The Cad and the Co-Ed Page 89


“Hey, Sar-bear, how’s it going?” I answered, hoping my playful tone might distract her from tearing me a new one.

“Hi Bryan, I’m good. Been busy with work. Don’t call me that again.”

I chuckled. “Fine. I’ll just call you Sarah the Magnificent then, how does that sound? Though technically, the point of a nickname is to abbreviate rather than to lengthen.”

I heard her exhale on a sigh. “Quit trying to butter me up. It won’t work.”

I mustered my most innocent tone. “What won’t work?”

“Lavishing me with charm. I still want to know how things have been with you. Have you made any progress with that thing we discussed before?”

“Some,” I hedged.

“None, then.”

“No, not none. If thinking about it constitutes progress, then I’ve made lots.”

“Oh Christ, you’re fucking her, aren’t you?”

How the hell did she—?

“I know you, Bryan,” Sarah went on before I could even ask the question. “And I’ve never quite heard that happy-go-lucky tone you’re currently sporting. You’re getting some. It’s obvious.”

“Well, if you must know, I’m not getting any, actually. We decided to slow things down. We’re not having sex. Not anymore.”

“But you were?” Sarah sounded appalled. “Bloody hell, Bryan. Please tell me you at least took her out on a date first.”

Well . . . technically . . .

“Of course I did. What do you take me for?”

“I take you for a rugby-playing horndog; that’s what I take you for.”

“Hey! That’s not fair. I was celibate for two whole years. Cut a fella some slack.”

“Yes, and there was a reason for that. The majority of women you used to sleep with were users. They encouraged your addiction because keeping you shitfaced meant they could run around spending your money. Remember Jennifer? Remember Kylie?”

I grit my teeth. “Yes, I remember them, and you seem to love reminding me, but Eilish is nothing like those two. She’s a good person, Sarah. She . . .”

I was about to say she loves me.

But I didn’t.

Because she hadn’t said the words.

I’d been battling doubt for weeks, ever since I’d admitted the truth and she’d stared at me blankly in return.

My poor decision-making in the past was something that always haunted me. I could distinctly remember thinking the sun shone out of Jennifer’s backside. Kylie’s, too. I could remember thinking they’d never set a foot wrong, similar to how I thought of Eilish.

But, no.

Things were different. She was different. She was honorable. And I was sober now. I was levelheaded enough to know a genuine person when I saw one and Eilish was as authentic as they came.

“So, you said you two have decided to take things slow,” said Sarah. “Was that her decision or yours?”

I thought on that a second, and then answered, “Hers. But mine, too. Well, I agreed with her logic, that is.”

“Of course it was hers,” Sarah mumbled under her breath like I was thick or something.

I grit my teeth but said nothing, not liking her tone. But she was my sponsor. She’d been there for me through dark times. I owed her a listen.

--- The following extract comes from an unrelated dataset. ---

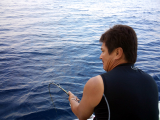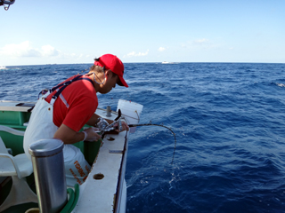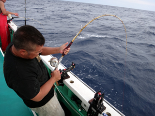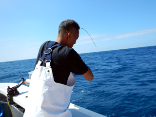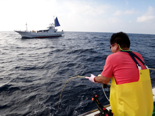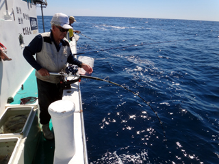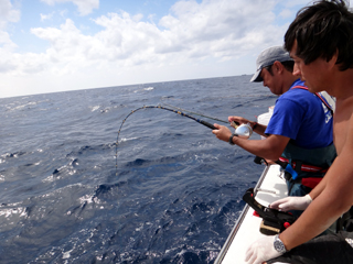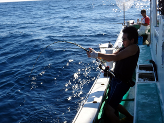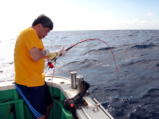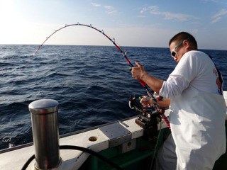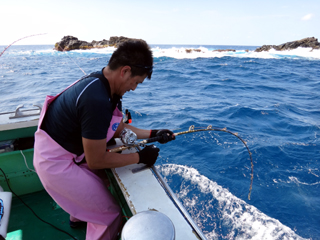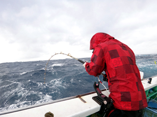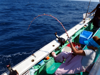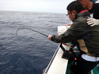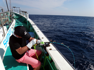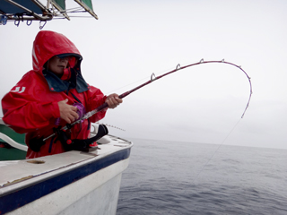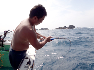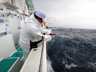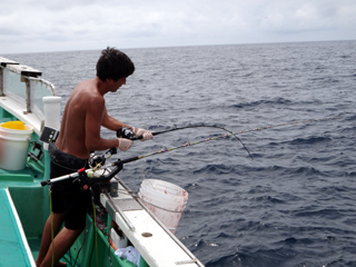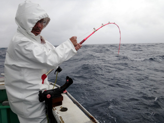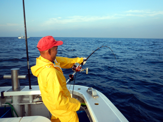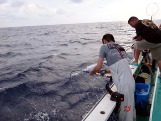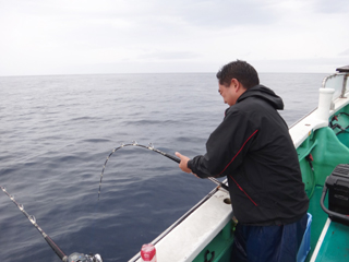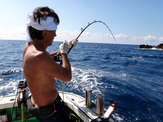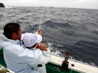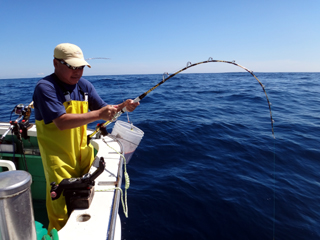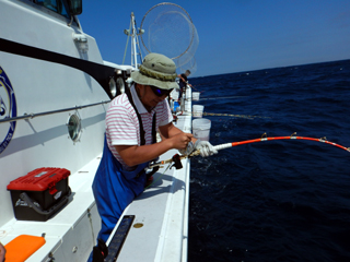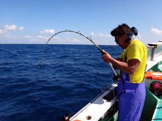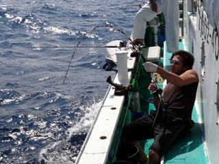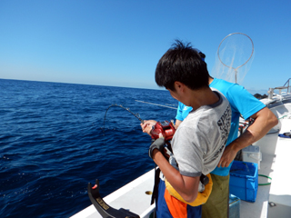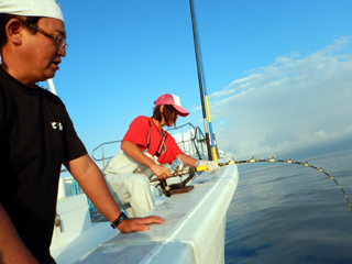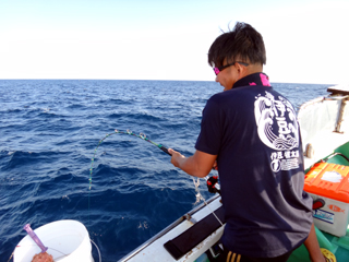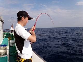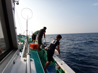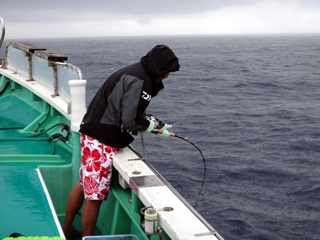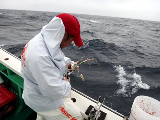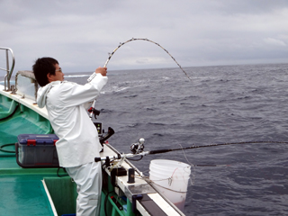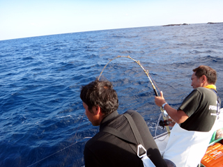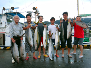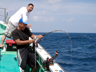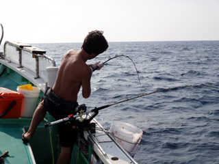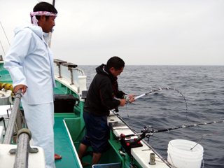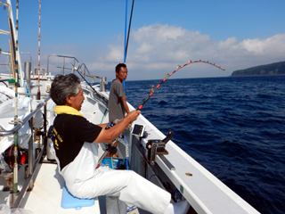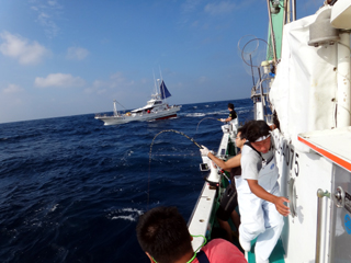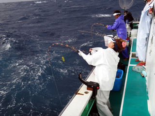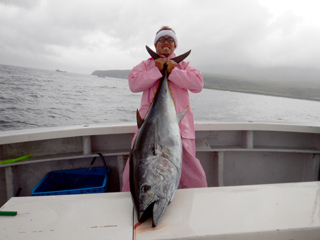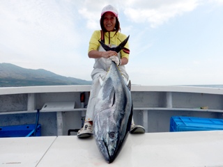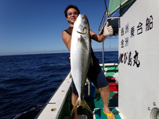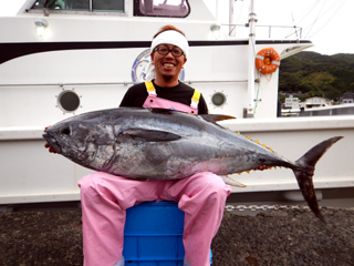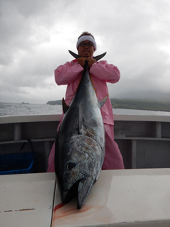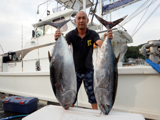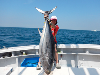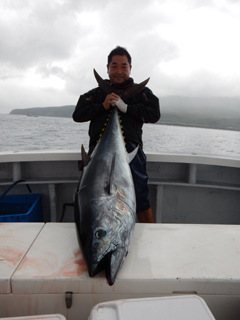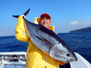 9/08 伊豆半島東沖 25.7℃薄濁り 黒マグロ50.7kg ツムブリ7kg

She blew out a breath. “Look, I’m only trying to play devil’s advocate here, but have you ever considered that withholding sex could be her way of stringing you along?”

“Sarah,” I growled, warning in my tone.

“Just hear me out. This is all purely hypothetical. So, she lets you have her, gives you a taste of what you’ve been missing all these years, then pulls the brakes. She knows you’ve had problems with addiction and she’s using it against you, only this time through sex. If she keeps dangling that cherry over your head, she knows you’ll do whatever she wants, including accepting Patrick as yours without a paternity test. Next thing you know, you’re married with a kid that’s not even yours.”

That was a laugh. There was no doubt Patrick was mine. “You’re letting your imagination run away with you. He’s the spitting image of me,” I said, at the same time remembering the incident after our first date, when Eilish’s neighbor had mentioned Patrick telling her his mummy was going to get married. I hadn’t had the chance to question him about it, had tried to brush it off as childish folly.

Now I began to doubt myself, just like I always did.

No.

No, no, no.

Sarah didn’t know Eilish like I did. She was seeing all this through a tiny lens. She’d never seen how it was when we were together. She didn’t know how right it felt.

“You’re wrong, Sarah,” I told her flatly. “Eilish would never come up with something so convoluted, something so manipulative. If you ever met her in person, you’d know it’s true.”

There was a long moment of silence on her end of the line, and I thought she was going to argue with me until I was blue in the face. But then all she said was, “Okay.”

Okay? That was it?

“If you trust her then I’ll trust her,” she went on. “You’re a grown-up and I guess there comes a point when every sponsor has to let their sponsee make their own choices. Maybe I’m just being overprotective. Maybe you know better than I do.”

I felt strange. I’d been trying to get her to accept Eilish all this time, and now that she was relenting it felt like she was giving up on me. I didn’t like it, and my confidence wavered.